A few seconds of silence passed. I heard the clock ticking, heard a student run past in the hallway outside. “Thanks, Mrs. Miller,” I said finally. “I know I haven’t been the greatest student ever in your class. What you said—it was nice.”

Mrs. Miller smiled. “You’re welcome, Aggie,” she said. “Thanks for listening.”

 

The hallways were quiet as I made my way to chemistry, which is why I heard the shouting so clearly when I passed the administration offices.

“She can’t be eligible. That’s what I’m saying. She should be disqualified.” I froze.

“Amy, I understand where you’re coming from,” a male voice replied. I figured it for Mr. Monroe, our vice principal. “But there are no rules for this. Next year, if you want to petition to put them in place, that’s fine. But this year, if she gets enough votes, she gets the crown.”

Amy. I was nearly certain that was Mrs. Wagner’s first name.

“Her pregnancy sends the wrong message,” Mrs. Wagner said, her volume rising. Pregnancy. She had to be talking about Sylvia. And from the sounds of it, Mrs. Wagner was trying to block Sylvia from being queen.

I crept closer to try and hear more. “I’m telling you, this is a mistake,” she said. “A very dreadful mistake.”

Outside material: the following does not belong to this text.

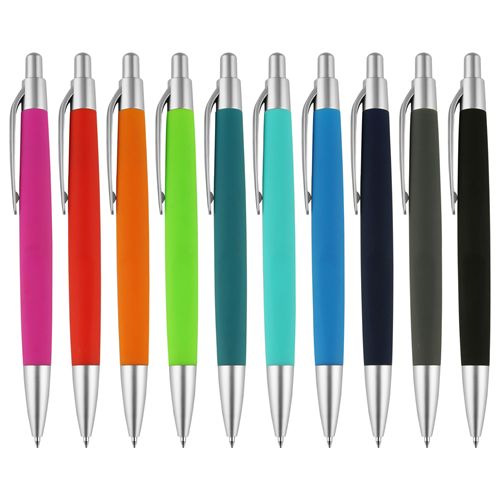 One of the most popular promotional pens with soft-touch rubberized barrel and satin chrome accents, it brings a beautiful contrast to the vibrant barrel colour. The large colour selection offers a great choice for your corporate colours. Click action, high quality cross-type refill with German manufactured black ink and tungsten carbide ball which brings you the better writing quality, 1200 metres writing distance. Item Size: 140 mm x 13 mm x 11 mm Color Range: black, grey, navy blue, royal blue, teal, light blue, green, red, pink, orange.

My mind spun. By now, Mrs. Wagner should know that the ballots had been tampered with. Jefferson should have told her about my run-in with Sylvia—that is, if he had been telling me the truth. The bogus ballots, if she was aware of them, should have been her biggest concern, I thought, not the fact that Sylvia was knocked up.

“Just go firm up your counts,” Mr. Monroe said. “Stop stalling. The school needs to know one way or the other.”

Hearing Mrs. Wagner’s heels click toward the door, I pulled a 180 and started speed walking in the other direction. I took the long way to get to class and, when I finally did, I was out of breath.

I handed my late note to Mr. Plower, my chem teacher, and took my seat. With my book spread out before me, I tried to follow along on a problem about molar mass, but all I could think about was what I’d just overheard.

Suddenly, the loudspeaker came to life. The whole class quieted down immediately. You could have heard an electron vibrating.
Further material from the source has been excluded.